Their
parents died six weeks apart. Six years on,
it was brothers pitted against sisters in a dispute over sale of their parents’
Bay of Plenty orchard. In what boiled
down to a dispute over price, estate lawyers resigned over the siblings failure
to take a common-sense approach; getting an independent valuation and selling
to the one brother living on the property.
The High
Court was told Tony and Jutta Firmin purchased bare land at Awakeri, near
Whakatane, in the 1970s, establishing a feijoa and berry orchard.
Jutta
predeceased Tony by a matter of weeks.
He was the sole beneficiary of her estate. On Tony’s death, his will divided his estate
equally between their six children: sons Tim and Tom; daughters Cornelia,
Abigail, Gisele and Petra.
Evidence
was given of son Tim returning from Australia in 2015 to help his parents on
the orchard. He lived in a shed on site,
described as being in poor condition and not rentable.
A below
market wage was paid. For a period, no
wages were paid at all; ‘down payment’ on his deposit to buy the orchard, Tim
was to later tell the High Court.
The extent
of orchard work undertaken by Tim was later disputed by his sisters, claiming
work was intermittent with Tim primarily focussed on breeding schnauzer dogs.
On death of
their surviving parent, Tim offered to buy the orchard for $800,000. Two sisters, acting as estate executors,
declined the offer. His purchase was
conditional on finance, with Tim’s ability to obtain finance or service
mortgage debt both in question. The GST
status of any deal also required clarification.
Daughter
Petra subsequently offered to buy at $935,000.
In the late 1990s, she had a ‘lease-to-buy’ deal with her parents,
planning to assume ownership of the orchard.

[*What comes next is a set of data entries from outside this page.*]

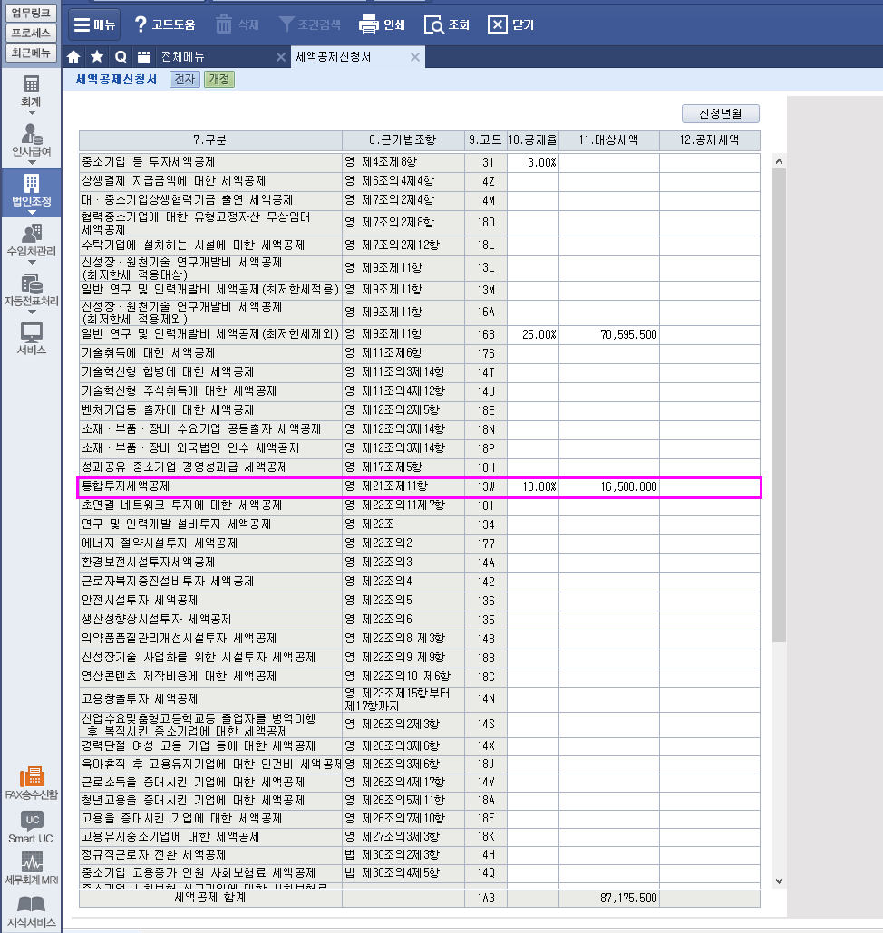 13) 조세특례제한법 제24조 [ 통합투자세액공제(2020.12.29 신설) ]
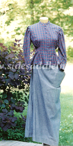 1880/1910 The shaped riding skirt was at first considered too complicated to be made at home, but by the late 1800’s fashion magazines included patterns and directions as well as illustrations. While women who rode did so in a sidesaddle, not all needed or could afford a tailored habit. This riding skirt in denim, a sturdy fabric that had been used in work clothes for over 100 years, was a rural woman’s practical alternative. |
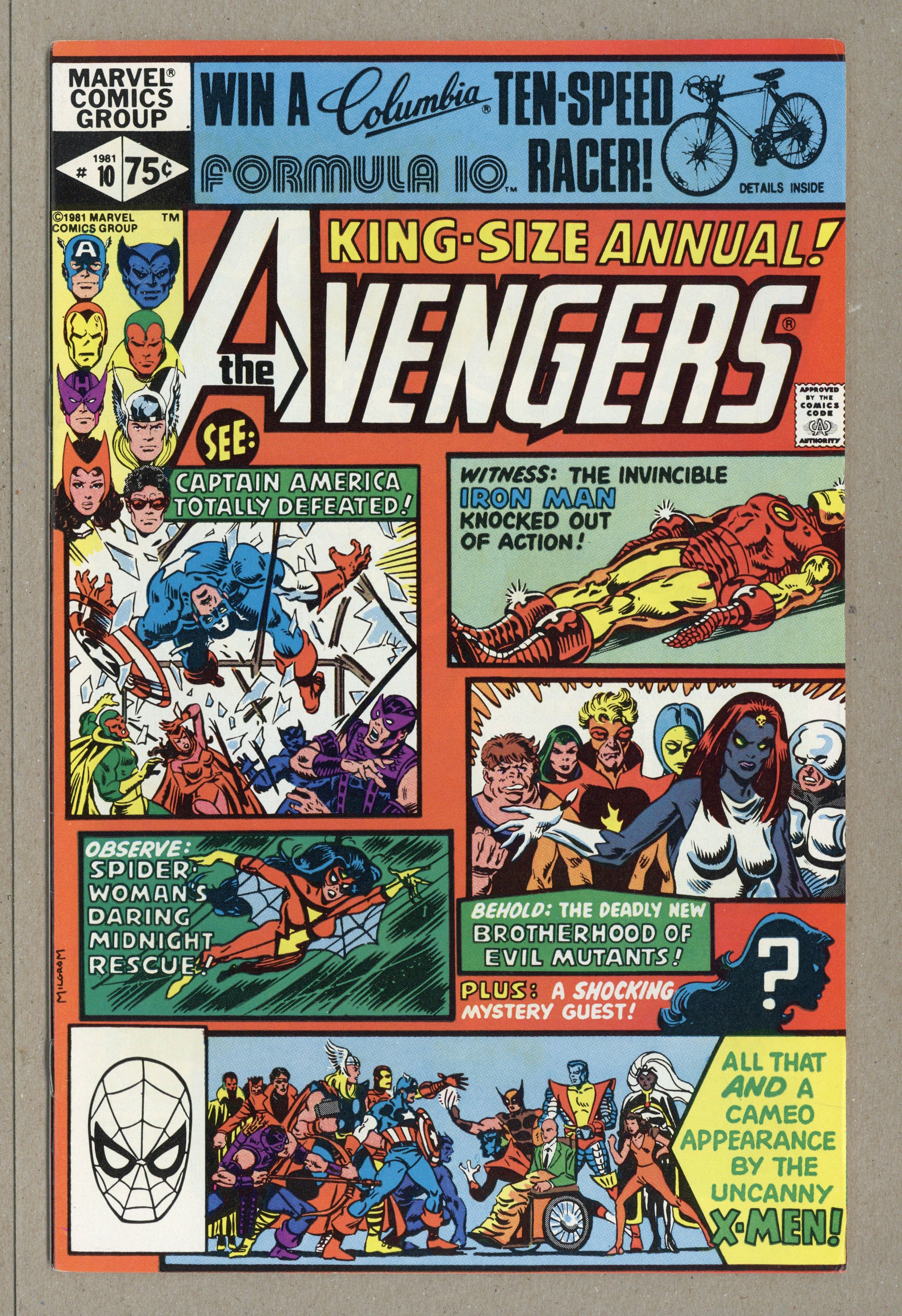 Ended Apr 24 2015 Winning Bid $39 Direct Edition. First appearance of Rogue and Madelyne Pryor in "By My Friends Betrayed!" Spider-Woman, X-Men, Carol Danvers, and New Brotherhood of Mutants guest star. Script by Chris Claremont. Pencils by Michael Golden. Inks by Armando Gil. Cover by Al Milgrom. This action-packed annual has got it all, true believers: the first appearance of Rogue, the spectacular art of Michael Golden, the tragic return of Carol Danvers, and the stupendous struggle between the Brotherhood of Evil Mutants and the mighty Avengers! Following the events of Uncanny X-Men #142, Mystique & her New Brotherhood of Evil Mutants attempt to break four of their members out of Ryker's Island prison! After Rogue and Mystique take down Captain America, Iron Man, and Thor, the rest of the Avengers and Spider-Woman catch up to the villains, and the epic clash erupts! Woven in and around the frantic action at Ryker's Island is the heartbreaking story of Carol Danvers' return to Earth. Her life has fallen apart since leaving for Limbo with Marcus Immortus in Avengers #200, and now, stripped of her powers and memories, Carol begins the long road to recovery. And the first step is an emotional confrontation with her former teammates! Notes: Marvel Super-Heroes #11 (Fall 1992) fills in the details of Carol Danvers' life between Avengers #200 and Avengers Annual #10. The Thing stars in a one-page Hostess ad, "A Lesson to Be Learned!" This issue was reprinted in 1993 in the trade paperback: The Greatest Battles of the Avengers. 52 pages, full color. Cover price $0.75. Grade: VF- 7.5 explanation of grade Condition: Used (collectible)

The High Court was told no sale eventuated, with the collapsed deal
eventually costing Petra $40,000.
Tim was
given an opportunity to put a deal together at Petra’s now offer price of
$935,000.
Meanwhile,
he was asked to leave their family home, finding somewhere else to live.
Tim’s
response was to file a Law Reform (Testamentary Promises) Act claim stating
their father had earlier agreed that he would have first option to buy. Brother Tom supported this claim. They said their father’s discussions with his
lawyer in the weeks prior to death indicated he wanted to change his will, recording
Tim’s right of first refusal.
Tim claimed
he was entitled to buy at $800,000; a valuation obtained years previously.
Justice
McHerron ruled there had never been any agreement or understanding that Tim’s
work on the orchard would lead to him having a right of first refusal. No ‘testamentary promise’ existed.
Their
father’s discussions with his lawyer merely canvassed the need to ensure he
could remain living on the property, if he sold to Tim before he died. Discussions did not extend to any possible
change to his will, giving Tim a right of first refusal.
The lawyer
said in evidence that their father’s discussions had focussed on the size of
any specific bequest to Tim as compensation for unpaid wages, with $10,000
settled on as an appropriate figure.
This figure
was an underestimation, Justice McHerron said.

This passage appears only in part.